[PROBLEM REQUIREMENTS] Return the data below in full and exactly, except that the pictures are dropped.

[RECORD EXCERPTS]
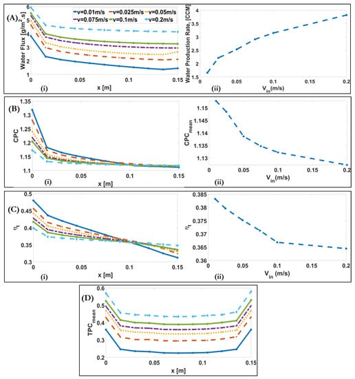 (A) (i) Downstream alterations of water flux for different inlet velocities of a DCMD system; (A) (ii) Alteration of water production rate with varying inlet velocities of a DCMD system. (B) (i) Downstream alterations of CPC for different inlet velocities of a DCMD system; (B) (ii) Alteration of maximum CPC with varying inlet velocities of a DCMD system. (C) (i) Downstream alteration of for different inlet velocities of a DCMD system; (C) (ii) Alteration of mean with varying inlet velocities of a DCMD system. (D) Downstream alteration of TPC for different inlet velocities of a DCMD system.
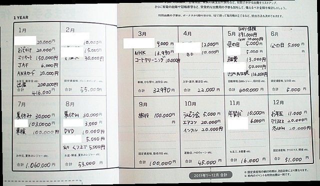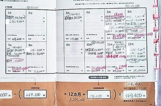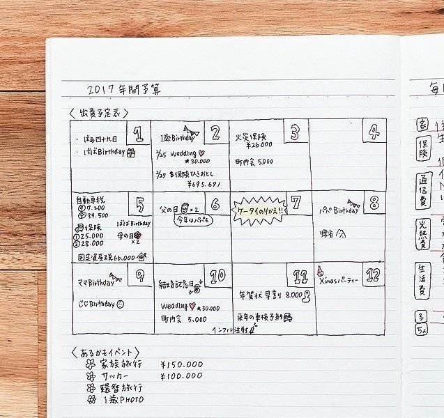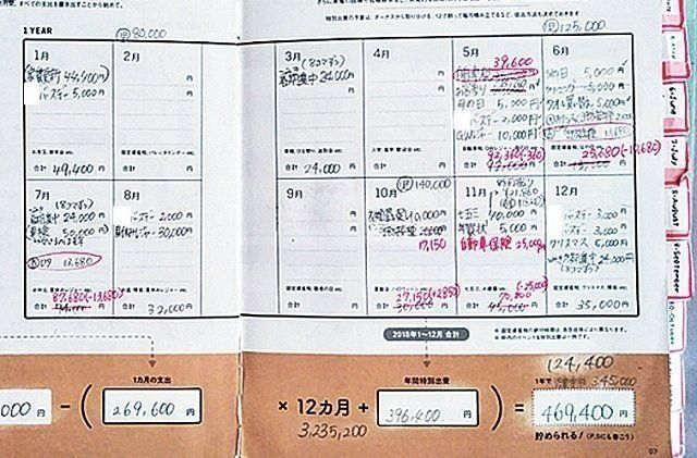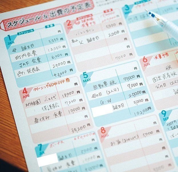年末に翌年の特別出費予定を手帳に記入し、その分の予算を毎月積み立て。貯蓄に手をつけることがなくなりました。少し多めに予算立てして、その年実際にいくらかかったのかを赤ペンで修正しておき、翌年の予算の参考に。プレゼントなどはお得に買うプランもメモして、計画的にお金を使っています。(サンキュ!トップブロガー Nagomyさん)
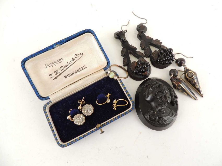 PAIR OF VICTORIAN PIQUE TORTOISESHELL PENDANT EARRINGS, also a pair of Victorian carved jet earrings, a Victorian jet brooch (a/f), and decorative paste earringsProvenance: private collection Cheshire
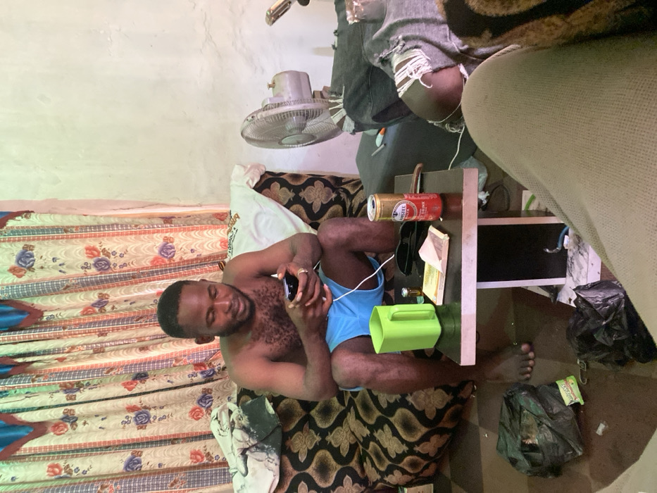 The scene depicts an interior room in Zaki Biam, Nigeria. A dark-skinned male, shirtless with chest hair and wearing light blue athletic shorts, sits on a patterned brown and gold sofa. He is barefoot and actively engaging with a dark-colored smartphone held in his right hand, a ring visible on his right ring finger. A white charging cable extends from the phone towards the floor. In front of him, a small rectangular coffee table holds a lime-green plastic mug, a red and gold Amstel Malta beer can, black sunglasses, a small clear glass vial, and a folded paper document. To the right, an off-white electric standing fan is visible. Further right, partially visible, are the legs and lower torso of another individual wearing ripped grey jeans, seated on a separate piece of furniture. In the foreground, the lower body of a third individual, clad in light-colored trousers, is partially visible, indicating the perspective of the camera operator. The background features a wall with faded, light-colored paint and floor-length floral curtains displaying red, blue, and purple flower patterns. The floor is cluttered with dark plastic bags, one appearing to contain items, and a green snack wrapper.
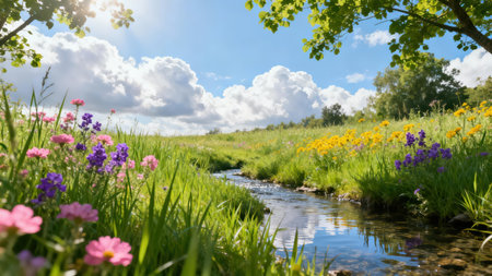 Narrow, flowing stream reflecting a bright blue sky, framed by lush green grass, vibrant pink and purple wildflowers, yellow blooms, and sun flare bursting above white cumulus clouds.

[OUTPUT FOR THIS EXERCISE]
 (A) (i) Downstream alterations of water flux for different inlet velocities of a DCMD system; (A) (ii) Alteration of water production rate with varying inlet velocities of a DCMD system. (B) (i) Downstream alterations of CPC for different inlet velocities of a DCMD system; (B) (ii) Alteration of maximum CPC with varying inlet velocities of a DCMD system. (C) (i) Downstream alteration of for different inlet velocities of a DCMD system; (C) (ii) Alteration of mean with varying inlet velocities of a DCMD system. (D) Downstream alteration of TPC for different inlet velocities of a DCMD system.
年末に翌年の特別出費予定を手帳に記入し、その分の予算を毎月積み立て。貯蓄に手をつけることがなくなりました。少し多めに予算立てして、その年実際にいくらかかったのかを赤ペンで修正しておき、翌年の予算の参考に。プレゼントなどはお得に買うプランもメモして、計画的にお金を使っています。(サンキュ!トップブロガー Nagomyさん)
 PAIR OF VICTORIAN PIQUE TORTOISESHELL PENDANT EARRINGS, also a pair of Victorian carved jet earrings, a Victorian jet brooch (a/f), and decorative paste earringsProvenance: private collection Cheshire
 The scene depicts an interior room in Zaki Biam, Nigeria. A dark-skinned male, shirtless with chest hair and wearing light blue athletic shorts, sits on a patterned brown and gold sofa. He is barefoot and actively engaging with a dark-colored smartphone held in his right hand, a ring visible on his right ring finger. A white charging cable extends from the phone towards the floor. In front of him, a small rectangular coffee table holds a lime-green plastic mug, a red and gold Amstel Malta beer can, black sunglasses, a small clear glass vial, and a folded paper document. To the right, an off-white electric standing fan is visible. Further right, partially visible, are the legs and lower torso of another individual wearing ripped grey jeans, seated on a separate piece of furniture. In the foreground, the lower body of a third individual, clad in light-colored trousers, is partially visible, indicating the perspective of the camera operator. The background features a wall with faded, light-colored paint and floor-length floral curtains displaying red, blue, and purple flower patterns. The floor is cluttered with dark plastic bags, one appearing to contain items, and a green snack wrapper.
 Narrow, flowing stream reflecting a bright blue sky, framed by lush green grass, vibrant pink and purple wildflowers, yellow blooms, and sun flare bursting above white cumulus clouds.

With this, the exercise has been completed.